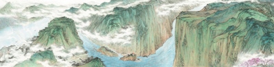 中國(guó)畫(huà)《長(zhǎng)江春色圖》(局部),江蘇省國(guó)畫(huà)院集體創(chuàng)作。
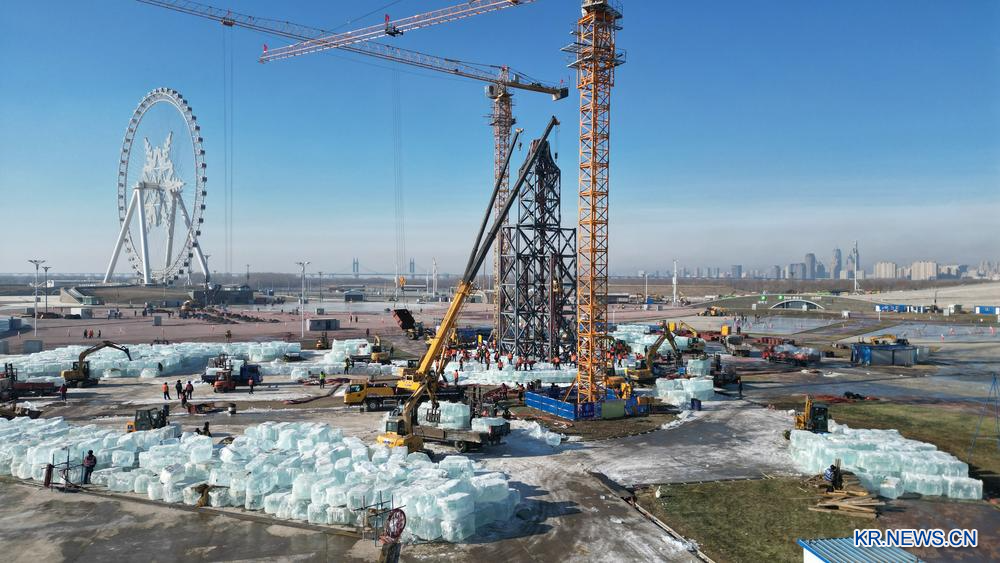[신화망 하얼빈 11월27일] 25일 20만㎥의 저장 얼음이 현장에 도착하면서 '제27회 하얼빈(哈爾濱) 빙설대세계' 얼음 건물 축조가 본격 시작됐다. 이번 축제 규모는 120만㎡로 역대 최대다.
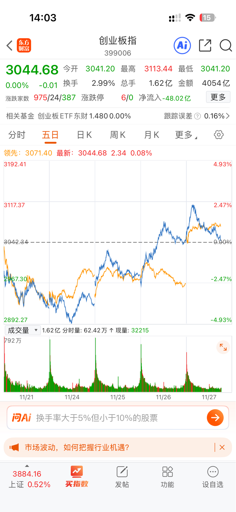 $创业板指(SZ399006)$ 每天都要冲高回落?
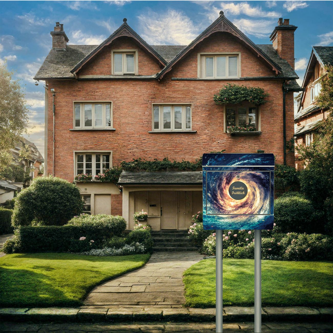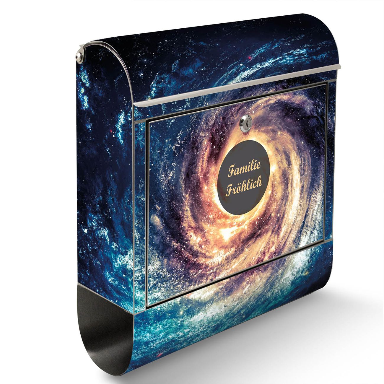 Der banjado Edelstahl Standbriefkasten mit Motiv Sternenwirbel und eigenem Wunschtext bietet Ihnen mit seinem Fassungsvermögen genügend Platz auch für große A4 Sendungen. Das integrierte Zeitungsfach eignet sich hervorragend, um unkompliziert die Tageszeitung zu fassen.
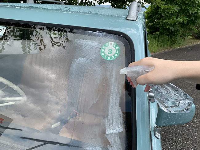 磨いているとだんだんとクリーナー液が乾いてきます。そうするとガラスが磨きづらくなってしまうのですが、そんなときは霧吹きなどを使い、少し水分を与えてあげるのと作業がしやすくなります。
□ □ □ □ □
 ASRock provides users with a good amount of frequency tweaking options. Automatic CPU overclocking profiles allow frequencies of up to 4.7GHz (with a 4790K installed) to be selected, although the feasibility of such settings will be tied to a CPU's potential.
□ □ □ □ □
Within the listing above, the lines from the one with "Der banjado Edelstahl" through the one with "磨いているとだんだんとクリー" are to be given again word for word. Do not include pictures.

 Der banjado Edelstahl Standbriefkasten mit Motiv Sternenwirbel und eigenem Wunschtext bietet Ihnen mit seinem Fassungsvermögen genügend Platz auch für große A4 Sendungen. Das integrierte Zeitungsfach eignet sich hervorragend, um unkompliziert die Tageszeitung zu fassen.
 磨いているとだんだんとクリーナー液が乾いてきます。そうするとガラスが磨きづらくなってしまうのですが、そんなときは霧吹きなどを使い、少し水分を与えてあげるのと作業がしやすくなります。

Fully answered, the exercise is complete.